YOUR OBJECTIVE: Word for word, repeat everything in the records below except the pictures.

SOURCE MATERIAL:
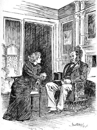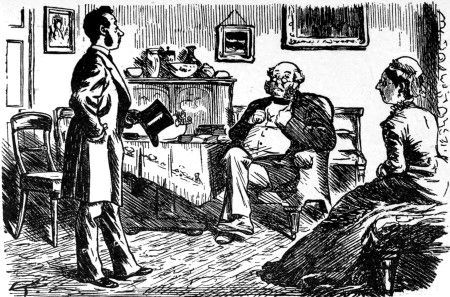 Doctor (to Mrs. Perkins, whose husband is ill). "Has he had any lucid intervals?"
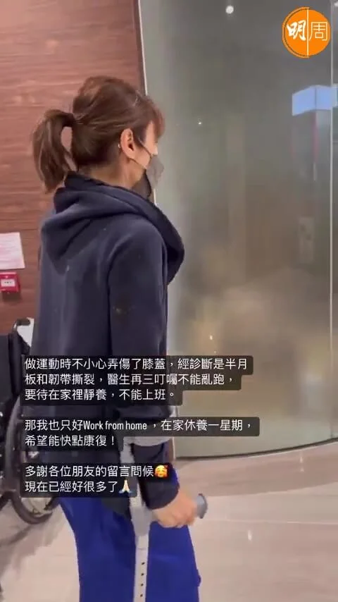 今日黎姿再上載撐拐杖去醫院睇骨科的片段,並揭盅:「做運動時不小心弄傷了膝蓋,經診斷是半月板和韌帶撕裂,醫生再三叮囑不能亂跑,要待在家裏靜養,不能上班。那我也只好Work from home,在家休養一星期,希望能快點康復!多謝各位朋友的留言問候,現在已經好了很多了!」
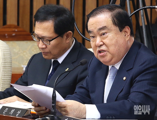 7일, 서울 여의도 국화에서 열린 이병기 국정원장 후보자에 대한 인사청문회에서 문희상 새정치민주연합 의원이 질의하고 있다.
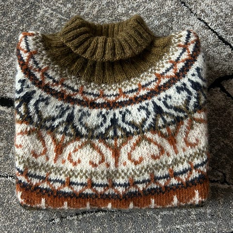 Myydään uusi islantilainen villapaita. Riddari korkealla kauluksella ja neulotuista naruilla. Lämmin, mutta hyvin hengittävä. Lankana Lettlopi, 100% islanninvilla.
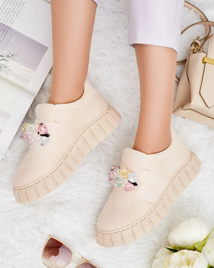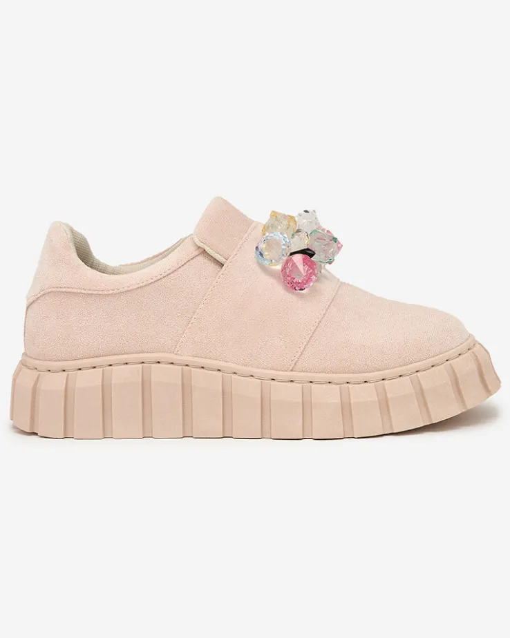 - Przepiękne damskie sportowe półbuty na grubszej podeszwie. Model w tylu casual i jest wykonany ze skóry ekologicznej zamszowej, wkładka to tkanina. Na nosku ozdoba z kolorowymi kamyczkami. Idealna baza dla wielu codziennych looków!

ANSWER SECTION:
 Doctor (to Mrs. Perkins, whose husband is ill). "Has he had any lucid intervals?"
 今日黎姿再上載撐拐杖去醫院睇骨科的片段,並揭盅:「做運動時不小心弄傷了膝蓋,經診斷是半月板和韌帶撕裂,醫生再三叮囑不能亂跑,要待在家裏靜養,不能上班。那我也只好Work from home,在家休養一星期,希望能快點康復!多謝各位朋友的留言問候,現在已經好了很多了!」
 7일, 서울 여의도 국화에서 열린 이병기 국정원장 후보자에 대한 인사청문회에서 문희상 새정치민주연합 의원이 질의하고 있다.
 Myydään uusi islantilainen villapaita. Riddari korkealla kauluksella ja neulotuista naruilla. Lämmin, mutta hyvin hengittävä. Lankana Lettlopi, 100% islanninvilla.
 - Przepiękne damskie sportowe półbuty na grubszej podeszwie. Model w tylu casual i jest wykonany ze skóry ekologicznej zamszowej, wkładka to tkanina. Na nosku ozdoba z kolorowymi kamyczkami. Idealna baza dla wielu codziennych looków!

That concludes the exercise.